Intel C/C++ and FORTRAN Compilers
White Paper
The Intel C/C++ and FORTRAN Compiler plug-ins allow software
developers to gain superior performance on Intel Architecture processors.
The objective of these compilers is to allow software to take advantage
of the full potential of Intel Architecture processors. The
Intel C/C++ and FORTRAN Compiler plug-ins are the first compilers
to offer processor-specific optimizations with the introduction of each
new Intel processor generation. This allows developers
to take immediate advantage of each new processor's improvements. Support of
MMX technology is a vivid example of the Intel compilers’
evolution in parallel with the latest line of Intel Architecture processors.
Feature Summary
Intel compilers have been developed to be compatible with Microsoft* Visual C++*.
To ensure ease of use, the Intel C/C++ and FORTRAN Compiler plug-ins are usable
as first generation plug-ins to the Microsoft Developer Studio*. This
capability combines the power of Intel compilers with the features of Microsoft's
Integrated Development Environment (IDE).
The following summarizes the features for each of the compilers:
C/C++ plug-in:
- Provides MMX™ technology support through the use of C "intrinsics."
This allows C developers to take advantage of MMX Technology using C
function call syntax rather than having to manually code assembly language statements.
- Supports in-line assembly language insertions for C developers who have particular
performance demands.
- Offers profile-guided optimizations, which allows the compiler to adjust
the flow of the program to achieve optimum performance based on previous
executions with the same data set.
- Provides a "blended" code optimization switch that allows you to
generate code with optimal performance for any Intel Architecture processor.
Also, for developers with more specific targets, the compilers provide
processor-specific optimizations that maximize performance for a specific Intel processor.
- Provides maximum floating-point instruction throughput by using
the full power of the floating-point stack.
FORTRAN plug-in:
- Supports dynamic COMMON
- Supports thread-safe code generation for multi-threaded applications
System Requirements
The Intel C/C++ and FORTRAN compilers run under the
Microsoft Windows* 95 or Windows NT* operating systems.
Language Support
The Intel C/C++ Compiler is a plug-in to Microsoft Visual C++* version 4.x/5.0,
which provides the development and run-time environments plus the MFC* libraries. The Intel
FORTRAN Compiler is a plug-in to only the Visual C++ version 4.x IDE.
NOTE: The Intel C/C++ Compiler Plug-in (version 2.4) will operate
with either Visual C++ 4.x or Visual C++ 5.0. However, some new features of Visual C++ 5.0, such as native COM, are
not supported in this version of the Intel C/C++ Compiler.
The following FORTRAN languages and extensions are supported:
- Full support for ANSI FORTRAN 77 (X3.9-1978) and ISO 1539:1980
- Many extensions popularized by DEC* (VMS*)
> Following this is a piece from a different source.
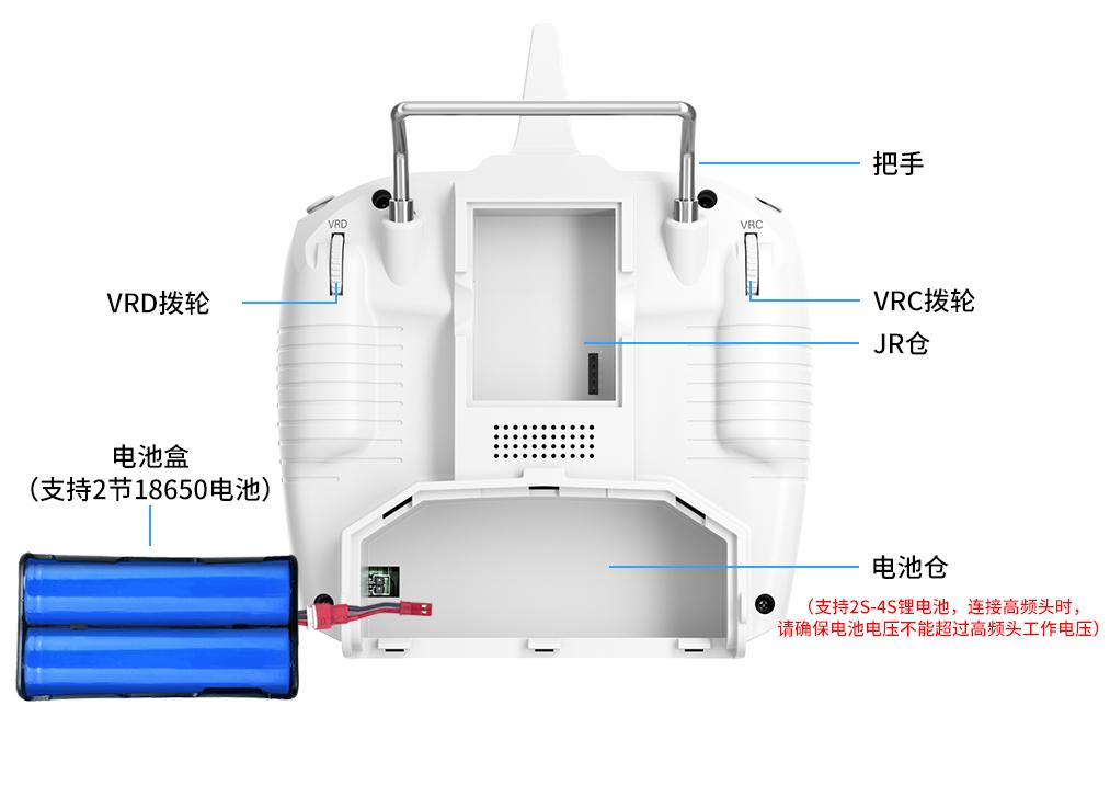 工作电压 | 7.4V-18V(支持8节5号电池,2S-4S锂电池或者18650锂电池。当遥控器连接高频头时,请确保给遥控器供电的电池电压不超过高频头的工作电压范围,否则会过压损坏高频头) |

Microsoft Visual C/C++ 4.x/5.0 Compatibility
The Intel C/C++ Compiler is compatible with Microsoft Visual C++ 4.x/5.0 in
the following areas:
- Compilation switches
- Makefile support
- In-line assembly language syntax
- Object module, library, and DLL formats
- Debug and symbol formats
If you have MSVC++ 4.x/5.0 on your system when you install the Intel C/C++ Compiler,
the installation procedure automatically integrates the Intel C/C++ Compiler
within the tools menu of the Visual C++ IDE. This gives you the
choice of using the Intel C/C++ Compiler to compile the projects that you
create in Visual C/C++. Just click on "Tools," then click on "Select Compiler"
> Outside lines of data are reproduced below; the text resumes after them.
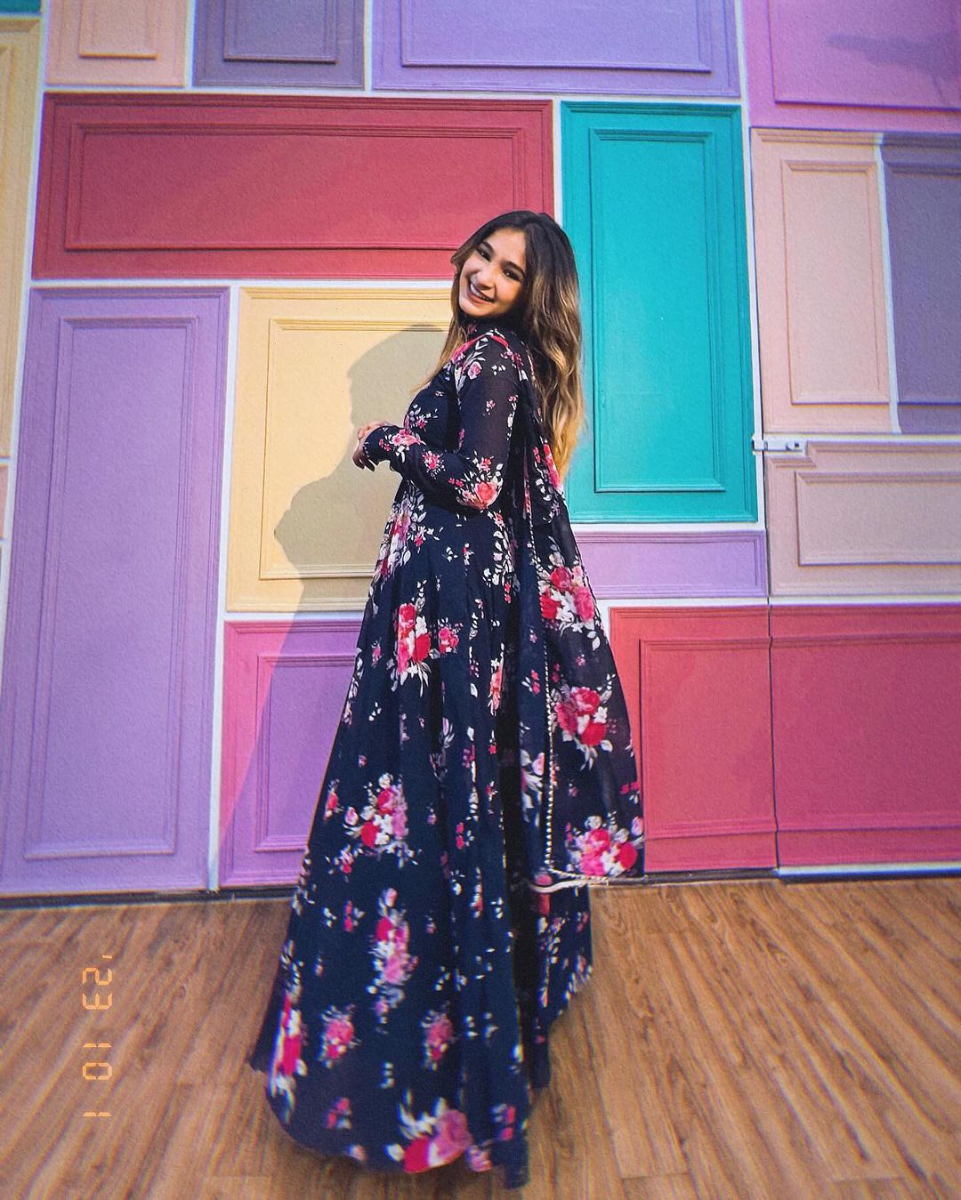 Kiran Rana In Floral Navy Blue Color Anarkali Suit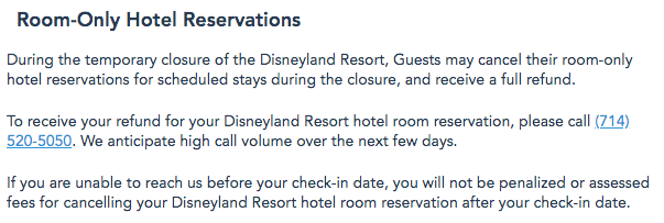 Guests can cancel room-only hotel reservations for stays scheduled during the closure dates for a full refund. In order to receive a refund, guests can call (714) 520-5050.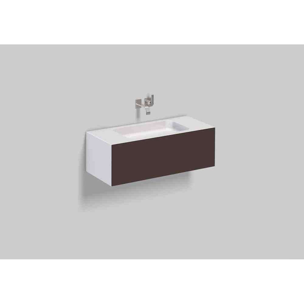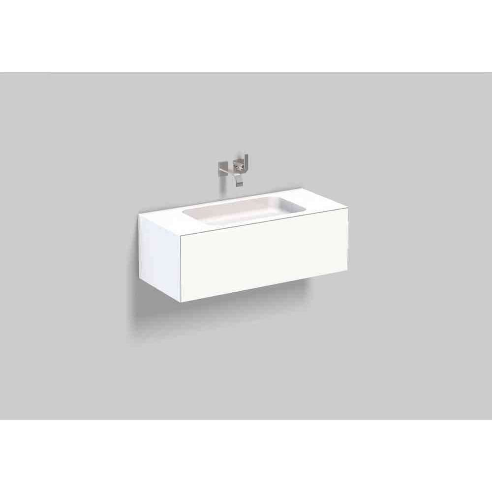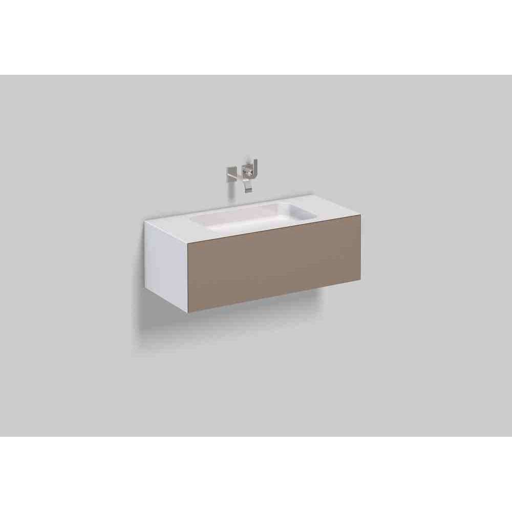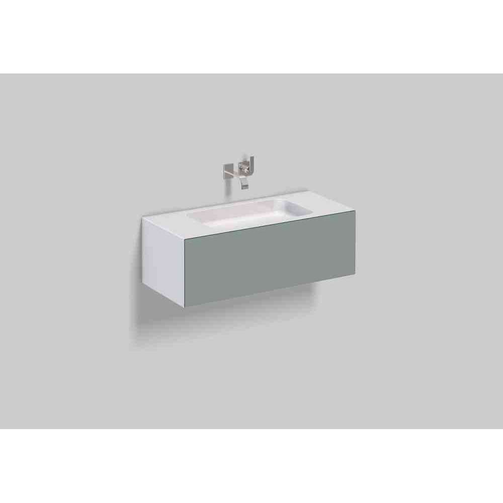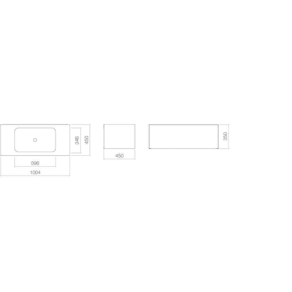 Umywalka, prostokątna, 1004 x 450 mm, wysokość 350 mm, prostokątna forma bez otworu na baterię, bez przelewu, po bokach biała glazurowana obudowa umywalki, bezuchwytowa szafka stojąca z push-to-open, pełna głębokość szuflady, powierzchnia mebla wykończona jedwabistym matem, z odpływem zawór z okrągłą, białą nakrętką, syfonem zajmującym mało miejsca i zestawem mocującym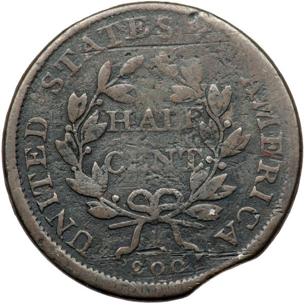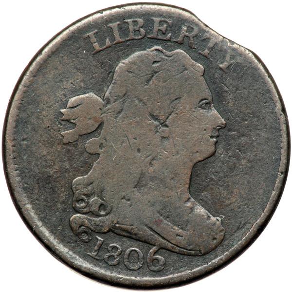 1806 C-4 R1 Large 6 with Stems G5. Clipped Planchet. Very slightly sharper but there is an old horizontal scratch under TES in STATES, a couple more through the fraction, and traces of minor roughness inside the wreath. No verdigris. Mostly glossy chocolate and steel brown, the devices a couple shades lighter than the protected areas. A curved planchet clip touches the top of the T in LIBERTY and affects the dentils right of the fraction. The dentils across from the clip are weak on the obverse, the so-called Blakesly effect that comes with most mint clips. Struck with the reverse rotated about 10-15 degrees CW relative to a normal head-to-foot die orientation. The date is strong and the legends are complete except for weakness at OF. Davy #06.4.13.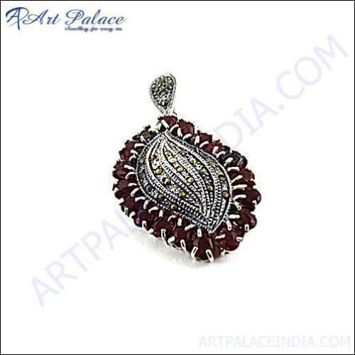 Dropship Genuine Garnet and Marcasite Gunmetal Silver Pendant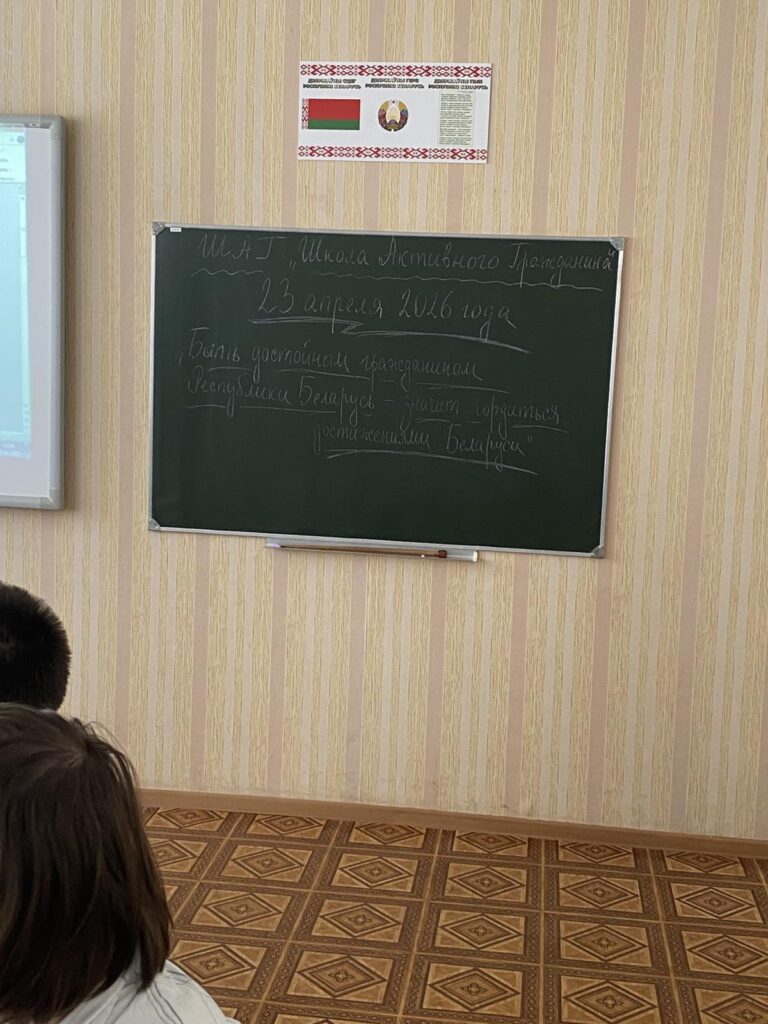 23.04.2026 г. в рамках информационно-образовательного проекта “ШАГ – Школа Активного Гражданина” для учащихся 8-11 классов было проведено мероприятие по теме: “Быть достойным гражданином Республики Беларусь – значит гордиться достижениями Беларуси”. В ходе мероприятия на этапе ШАГ 1 при помощи презентации “Мы узнаем” были актуализированы знания учащихся о достижениях страны в области экономики, образования и науки, спорта, медицины за последние годы. На этапе ШАГ 2 “Мы рассуждаем” состоялось знакомство с приглашенным гостем, Понкратенковым Макаром Владимировичем. Учащиеся имели возможность задавать вопросы приглашенному гостю, а также с интересом включились в обсуждение темы. На этапе ШАГ 3 “Мы действуем” было организовано обсуждение конкретных мероприятий, акций и проектов, в которых хотели бы принять участие учащиеся с целью реализации своих инициатив во благо страны.

and the selection window provided by Intel appears.
Application Support
The Intel C/C++ Compiler plug-in is particularly efficient in support of the
applications described in the sections that follow.
Graphics / Multimedia Applications
MMX technology adds 57 powerful new assembly instructions to the Intel
Architecture instruction set which are designed
to efficiently manipulate and process video, audio, and graphical data.
The Pentium® and Pentium Pro processors with MMX technology include these
new instructions to enhance performance of multimedia applications.
The Intel C/C++ Compiler plug-in supports these new MMX instructions in C/C++
programs by using special compiler intrinsics that are coded using C
function call syntax.
The compiler allows you to use C language variables in place of hardware
registers, which frees you from managing these registers.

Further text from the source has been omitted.